L'accident met en lumière le fonctionnement des essais cliniques, réalisés par bon nombre de laboratoires pour tester des molécules. Francetv info vous explique en quoi cela consiste. 

A quoi sert un essai thérapeutique ? 

Ce genre d'essai permet de tester un nouveau médicament ou des produits de santé, comme des dispositifs médicaux. Avant d'être menés sur l'homme, des tests préalables sont effectués sur des animaux. L'essai clinique s'organise en trois phases, indique l'ANSM dans une note communiquée à francetv info.

La première étape consiste à "évaluer la tolérance de la substance testée" sur des volontaires sains (l'accident à Rennes s'est produit dans ce cadre). Dans la deuxième phase, des essais sont menés sur des malades pour "estimer l'efficacité et la tolérance à court terme et déterminer la dose la plus adaptée". Enfin, lors d'une troisième étape, des tests sont menés sur un plus grand nombre de patients et sur une durée plus importante. Il s'agit alors d'évaluer une nouvelle fois sa tolérance et son efficacité "dans les indications visées". A ce moment-là, on compare généralement avec un placebo. 

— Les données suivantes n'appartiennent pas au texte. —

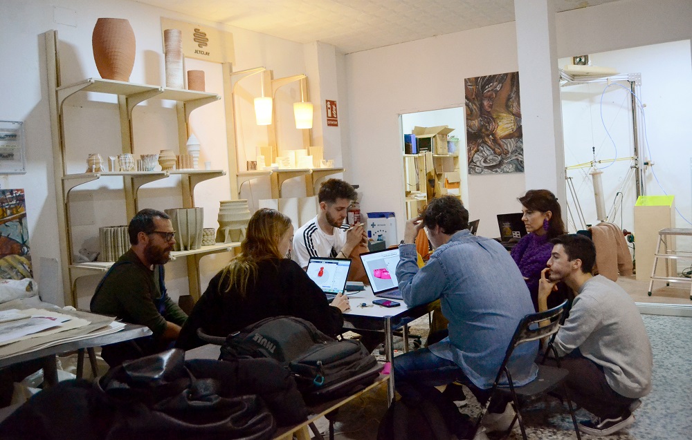 El profesor José Real, del Club de Diseño, organizó un taller de impresión 3D en cerámica con Japi Contonente, de Jetclay, en el Espacio Labbrut de Madrid, en el que contó con la profesora Cova Ríos como invitada.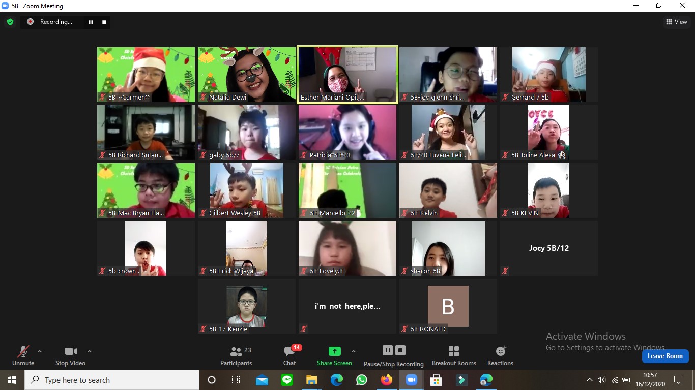 Setelah ibadah Natal selesai, mereka mengikuti kegiatan Virtual Christmas Talent Show Live in ZoomTalent show bertema Natal kali ini dibuat berbeda karena para siswa menampilkan talenta mereka dalam bernyanyi, menari, membaca puisi, dan bermain musik secara live. Para siswa tampil dengan percaya diri dengan kostum serta aksesoris Natal. Mereka memuji Tuhan dengan sukacita. Puji Tuhan. Kegiatan berjalan dengan lancar. Selamat Natal 2020 dan selamat menyongsong Tahun Baru 2021. Immanuel!!

Ce n'est qu'à partir de là que le laboratoire peut envisager une autorisation de mise sur le marché. Elle sera suivie par une nouvelle batterie de tests. 

Qui peut participer ? 

Selon le site de l'Inserm, tout le monde peut prendre part à un essai thérapeutique, qu'il soit mineur ou majeur, malade ou sain. La personne peut être sollicitée chez son médecin. La seule condition est le critère de volontariat. Les futurs patients doivent se rapprocher de centres d'investigation clinique et remplir un formulaire "de consentement éclairé" afin d'avoir une trace montrant qu'ils ont bien compris la méthode et les risques. 

Une indemnité non imposable est versée pour suivre un essai thérapeutique, mais le montant ne peut pas excéder 4 500 euros à l'année. Elle est donnée en fin d'étude. La société Biotrial qui a géré l'essai thérapeutique à Rennes rémunère entre 100 et 4 500 euros. 

Comment sont-ils contrôlés ? 

Tout au long de l'étude, des médecins hospitaliers suivent les patients. Mais avant cela, l'essai doit avoir reçu un avis favorable du Comité de protection des personnes (CPP) et une autorisation de l'ANSM. Cette dernière "évalue la qualité et la sécurité d'utilisation des médicaments", comme la qualité pharmaceutique ou les doses utilisées. Elle garantit aussi la sécurité des personnes. 

L'ANSM est tenue informée de tous les "effets indésirables graves et inattendus" qui peuvent être liés à l'expérimentation. C'est elle qui décide la suspension ou l'interdiction d'un essai en cours.